The waiter scratched his head and looked confused. Whether another version of the event possessed him, or that my question staggered his convictions, I am unable to say; but he made no reply. “It is true,” continued I, in the same strain, “that I met his reverence last night for the first time. My friend Lord Keldrum made us acquainted; but seeing him received at my noble friend's board, I naturally felt, and said to myself, 'The man Keldrum admits to his table is the equal of any one.' Could anything be more reasonable than that?”
“No, indeed, sir; nothing,” said the waiter, obsequiously.
“Well, then,” resumed I, “some day or other it may chance that you will be called on to remember and recall this conversation between us; if so, it will be important that you should have a clear and distinct memory of the fact that when I awoke in the morning, and asked for my horse, the answer you made me was—What was the answer you made me?”
“The answer I med was this,” said the fellow, sturdily, and with an effrontery I can never forget,—“the answer I med was, that the man that won him took him away.”

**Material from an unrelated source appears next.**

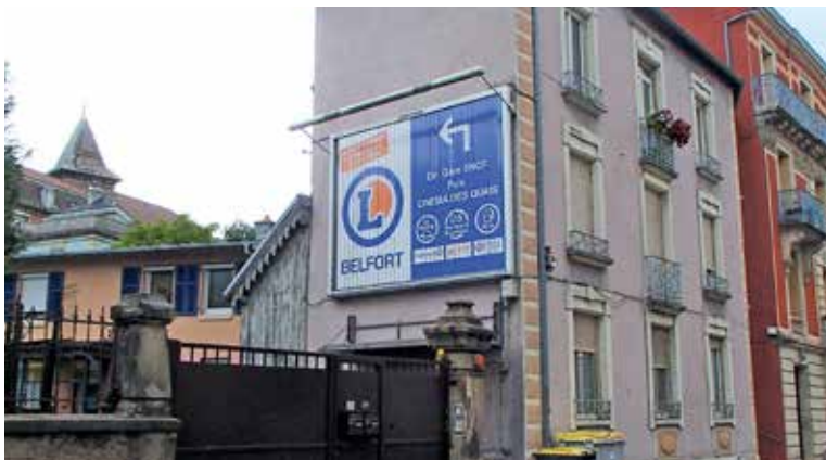
Un règlement local de publicité pour réduire la taille des panneaux publicitaires (simulation)

“You're an insolent scoundrel,” cried I, boiling over with passion, “and if you don't ask pardon for this outrage on your knees, I 'll include you in the indictment for conspiracy.”
So far from proceeding to the penitential act I proposed, the fellow grinned from ear to ear, and left the room. It was a long time before I could recover my wonted calm and composure. That this rascal's evidence would be fatal to me if the question ever came to trial, was as clear as noonday; not less clear was it that he knew this himself.
“I must go back at once to town,” thought I. “I will surrender myself to the law. If a compromise be impossible, I will perish at the stake.”
I forgot there was no stake; but there was wool-carding, and oakum-picking, and wheel-treading, and oyster-shell pounding, and other small plays of this nature, infinitely more degrading to humanity than all the cruelties of our barbarous ancestors.
Now, in no record of lives of adventure had I met any account of such trials as these. The Silvio Pellicos of Pentonville are yet unwritten martyrs. Prison discipline would vulgarize the grandest epic that ever was conceived “Anything rather than this,” said I, aloud. “Proscribed, outlawed, hunted down, but never, gray-coated and hair-clipped, shall a Potts be sentenced to the 'crank,' or black-holed as refractory!—Bring me my bill,” cried I, in a voice of indignant anger. “I will go forth into the world of darkness and tempest; I will meet the storm and the hurricane; better all the conflict of the elements than man's—than man's—” I was n't exactly sure what; but there was no need of the word, for a gust of wind had just flattened my umbrella in my face as I issued forth, and left me breathless, as the door closed behind me.